With new hinges being rather expensive I have 'shimmed' the lower hinge using washers - the two fixing points on the frame. This has squared the door nicely and we can no longer see daylight at the edges, however there is still a strange anomaly. When the door is closed when you look at the internal door seals they 'kiss' at the top and bottom and around the curve to the vertical bay a couple of inches but there is a vertical gap up both sides where the seals don't meet. As though the door or frame is warped. Does anyone else have this?


----------



## HarryTheHymer (May 1, 2005)

I've just checked my Hartal door and it does have a slight bow out from top to bottom when open. 

Perhaps you need to adjust the locking catches (inwards a tad) to help spring the door back into shape when closed.

I know that with doors with just one locking catch (half way up) the manufacturers used to pre-camber the doors so when closed the top and bottom of the door fitted snuggley with the seal and didn't spring out.

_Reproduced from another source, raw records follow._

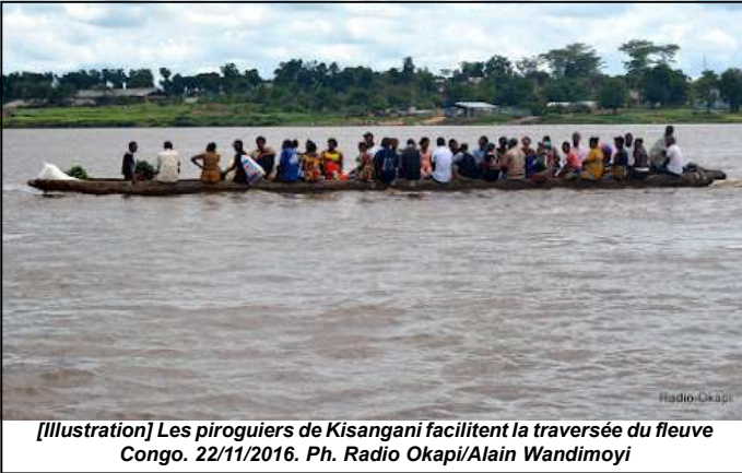
[[Illustration] Les piroguiers de Kisangani facilitent la traversée du fleuve Congo. 22/11/2016.

d'une pirogue à pagaie en amont du fleuve Congo au niveau de la commune riveraine de Lubunga à Kisangani (Tshopo). La plupart de victimes sont des femmes et des enfants. Plusieurs autres passagers sont portés disparus, selon des sources locales à Lubunga. La pirogue qui s'est renversée provenait de la cité d'Isangi-Makutano, située en aval du fleuve Congo. Les causes de cet accident ne sont pas encore claires.
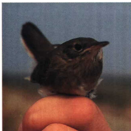
48 Savi's Warbler Locustella luscinioides with streaked breast, Greece, August 1987
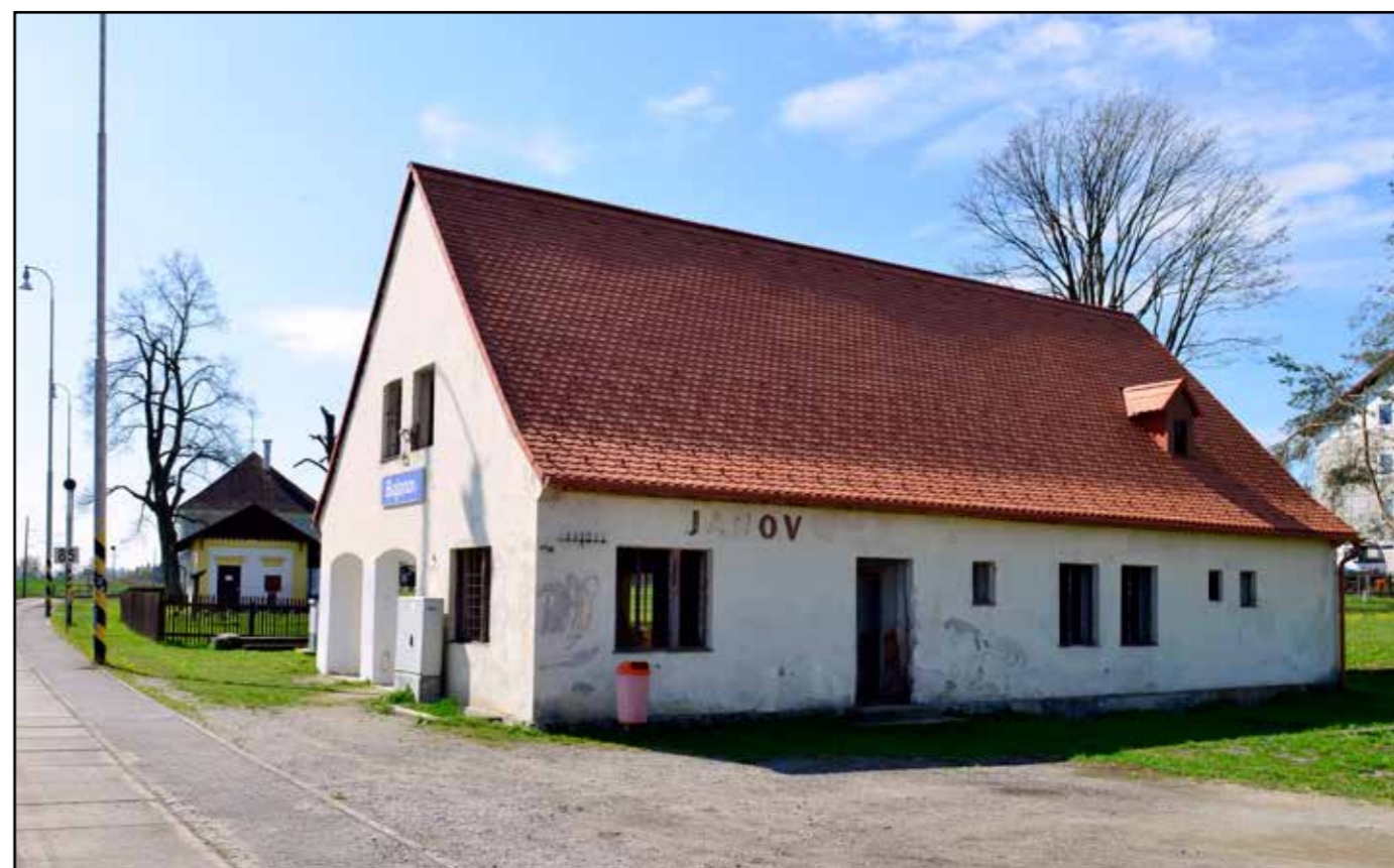
Bujanov, objekt zastávky, kde má vzniknout infocentrum, 2022.
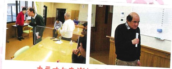
カラオケを楽しみましたよ♪
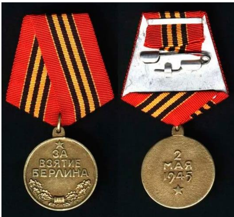
Медаль «За взятие Берлина»

Носится на левой стороне груди и при наличии других медалей СССР располагается после медали “За взятие Вены”.
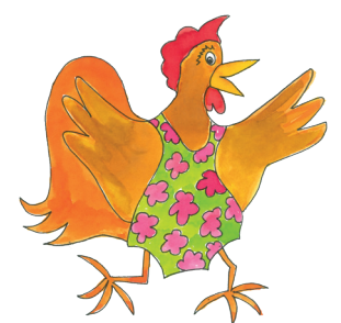
7 Die Henne hat den Badeanzug an.
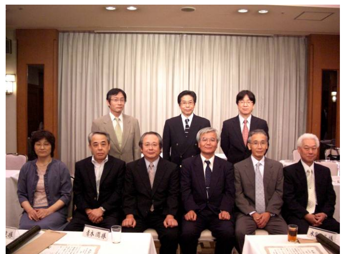
功労者賞、永年職務精励者賞の皆様
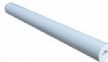
3147 - Tubo alumina Ø 8-10-12,7mm para fabricação de ignitor e sensor de chama
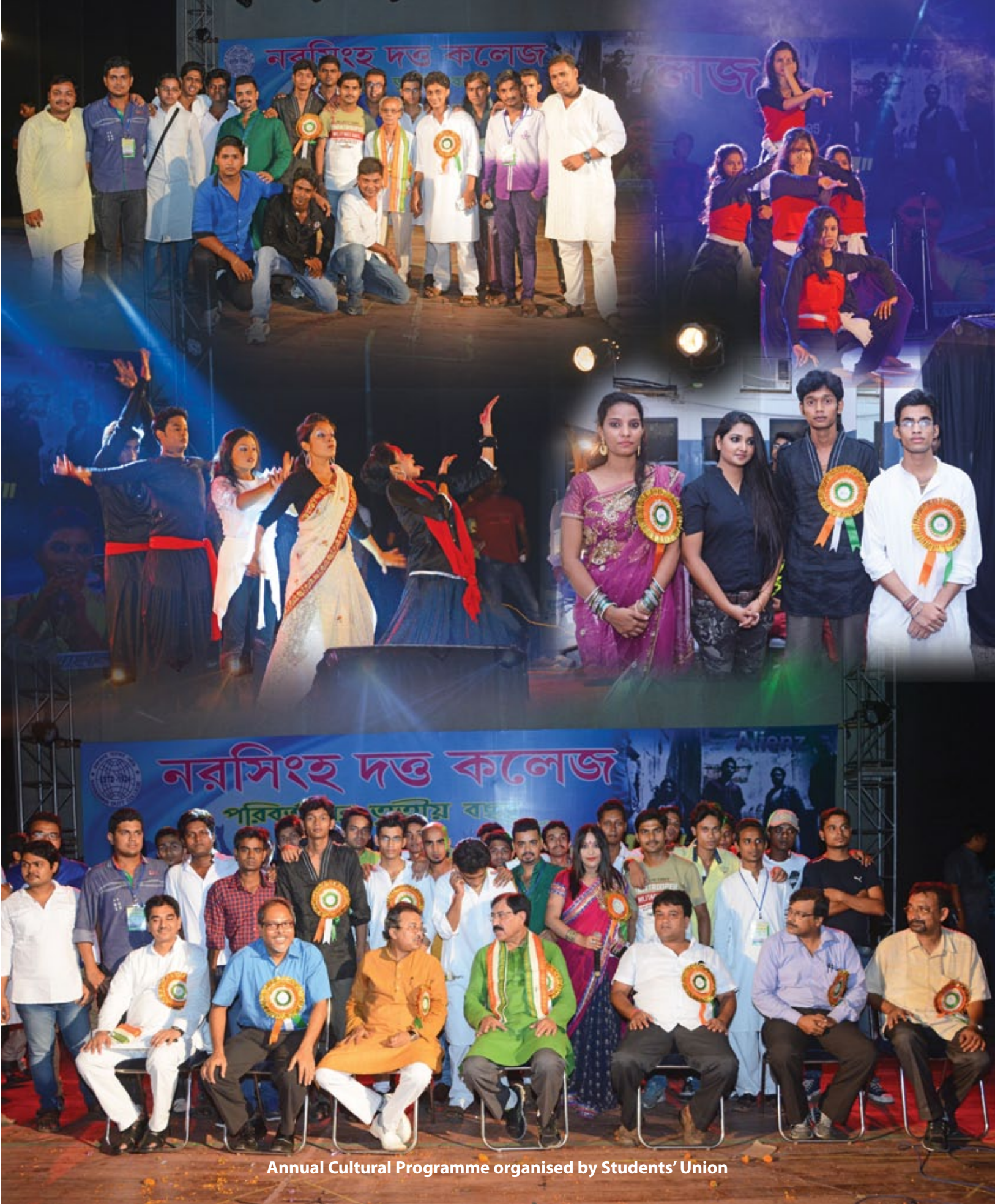
Annual Cultural Programme organised by Students' Union

I wouldn't have thought that doors with double or triple catches actually need to be pre-cambered.


----------



## bigles (May 26, 2008)

Thanks Harry - I'll have a look at the door catches but the top and bottom are nice and snug and the door doesn't have inward/outward play when it's shut, it's just the verticals that seem to have a bow. Maybe the centre lock needs adjusting?

I'll report back when I've tried adjusting.


----------



## Hymie (May 9, 2005)

*Hartal Door*

Does anyone know which vehicles were subject to the original recall as mentioned previously?

Happy Travels


----------